■ **Your instructions**
Write out the entries below exactly, starting at the first line and stopping after the line that contains "Mobile application offers"; skip all pictures.
►
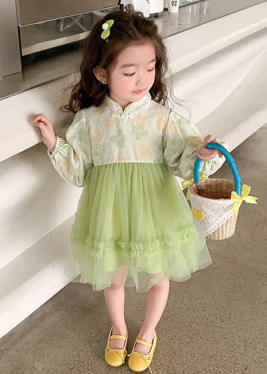 Elegant Green Stand Collar Tulle Patchwork Girls Dress Fall XZ093
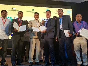 Seo Ho-seok, CEO of MCNS India corporation (fourth from left), poses with Nara Chandrababu Naidu, prime minister of Andhra Pradesh state after signing an MOU on January 28.
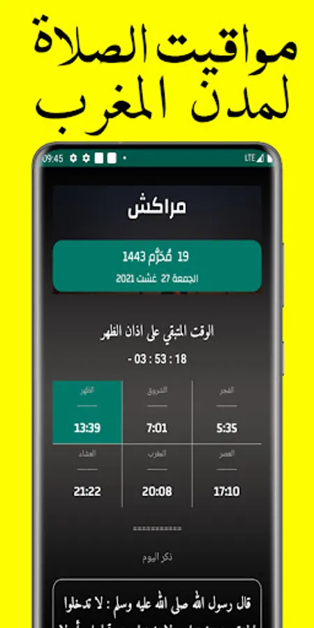 Mobile application offers timings in Morocco without error to the cities of Morocco: Rabat, Fez, Meknes, Casablanca, Marrakech ...
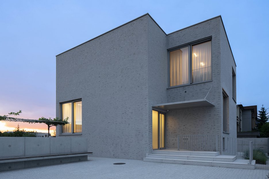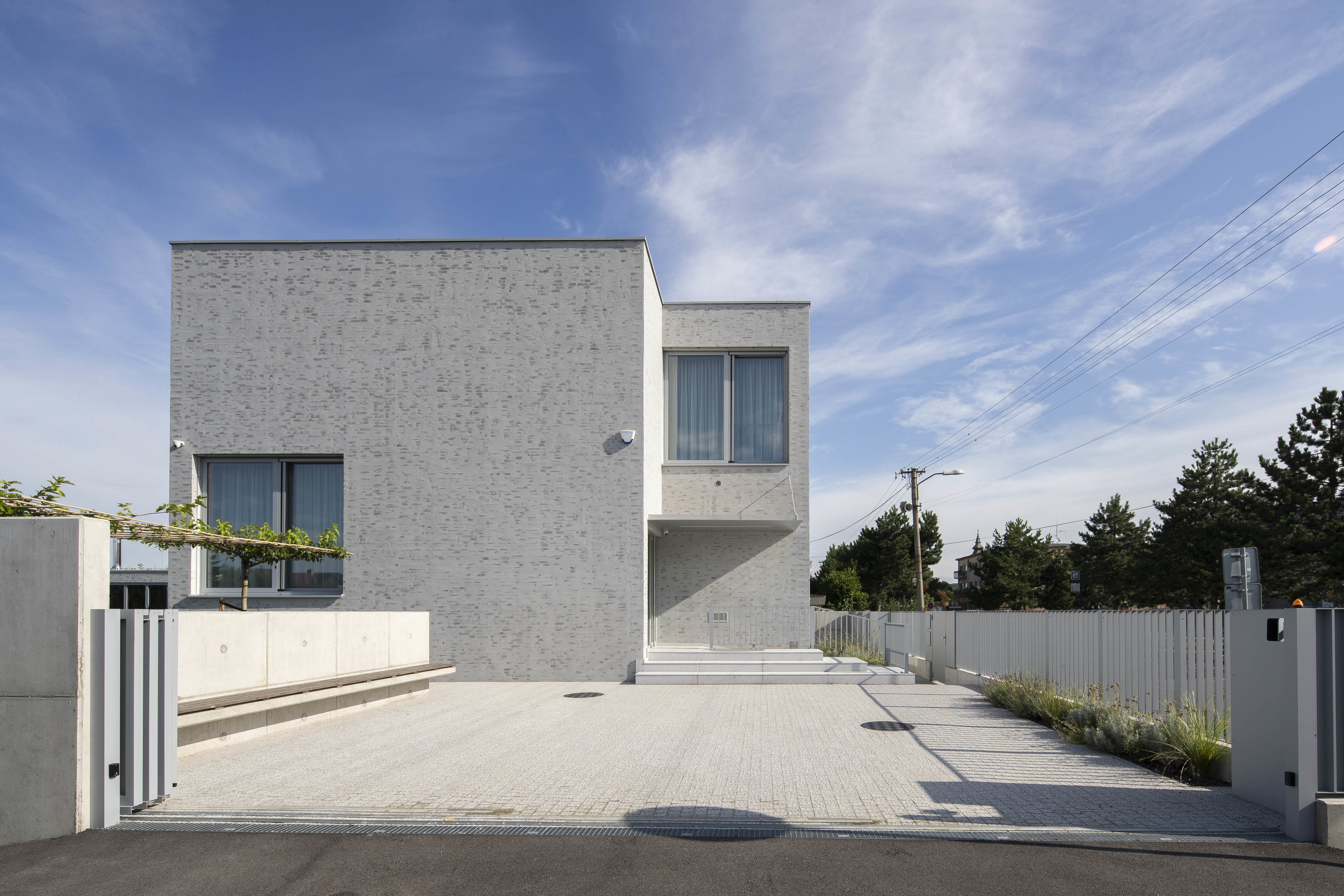 Rovnako ako vo viacerých predchádzajúcich rezidenčných projektoch ateliéru tvorí základ stavby monolitická železobetónová konštrukcia, ktorá je zároveň primárnou pohľadovou vrstvou v interiéri. Priznané surové povrchy s odtlačkami precízneho kladačského plánu debnenia dopĺňajú detaily ako bezlištový styk stien, parkiet a terazza, alebo precízne zámočnícke prvky. Trvácne jednoliate povrchy, bez akejkoľvek prebytočnej “kapotáže”, dopĺňajú vložené nábytkové bloky podľa autorského návrhu. Ich jemný odtieň, spolu s prírodnou kresbou dreva na podlahách, oživuje inak monochromatickú farebnú schému. Medzi zaujímavé detaily patria vnútorné zábradlia pred posuvnými plochami zasklenia, ktoré umožnili zachovať elementárnu podobu fasád domu. Zo strany exteriéru siahli architekti po rovnako overenom “tehličkovom” obklade, ktorý však tentokrát netradične pokryli vrstvou omietky. Následné prebrúsenie povrchov odhalilo charakteristickú textúru fasád domu. K vyniknutiu elementárnej architektonickej kompozície prispieva subtílne oplechovanie a odtieň rámov zasklenia, splývajúci so všadeprítomnou sivou farebnosťou.
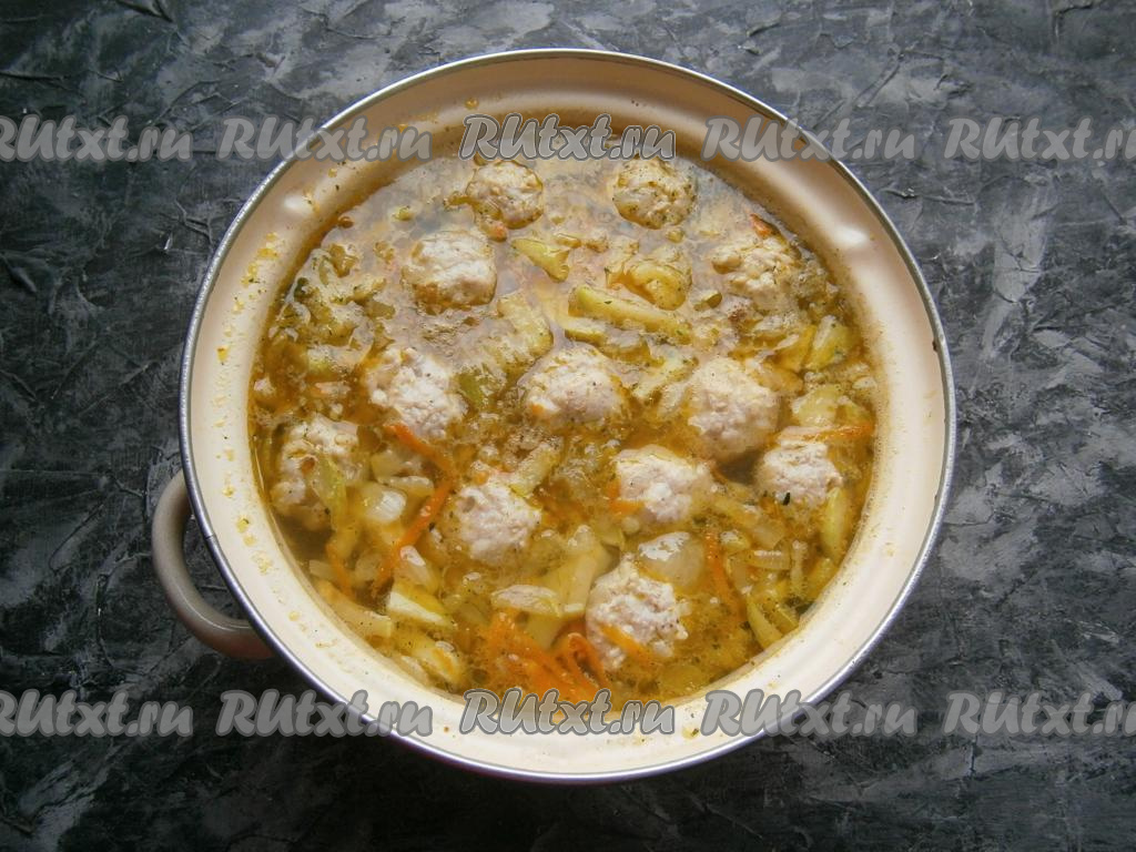 Выложить в кастрюлю с картошкой, луком, кабачками и морковкой подготовленные фрикадельки, лавровый лист и измельчённый чеснок, довести суп до кипения, а затем варить минут 10 на медленном огне и снять с огня.
◄
■ **Exercise response**
 Elegant Green Stand Collar Tulle Patchwork Girls Dress Fall XZ093
 Seo Ho-seok, CEO of MCNS India corporation (fourth from left), poses with Nara Chandrababu Naidu, prime minister of Andhra Pradesh state after signing an MOU on January 28.
 Mobile application offers timings in Morocco without error to the cities of Morocco: Rabat, Fez, Meknes, Casablanca, Marrakech ...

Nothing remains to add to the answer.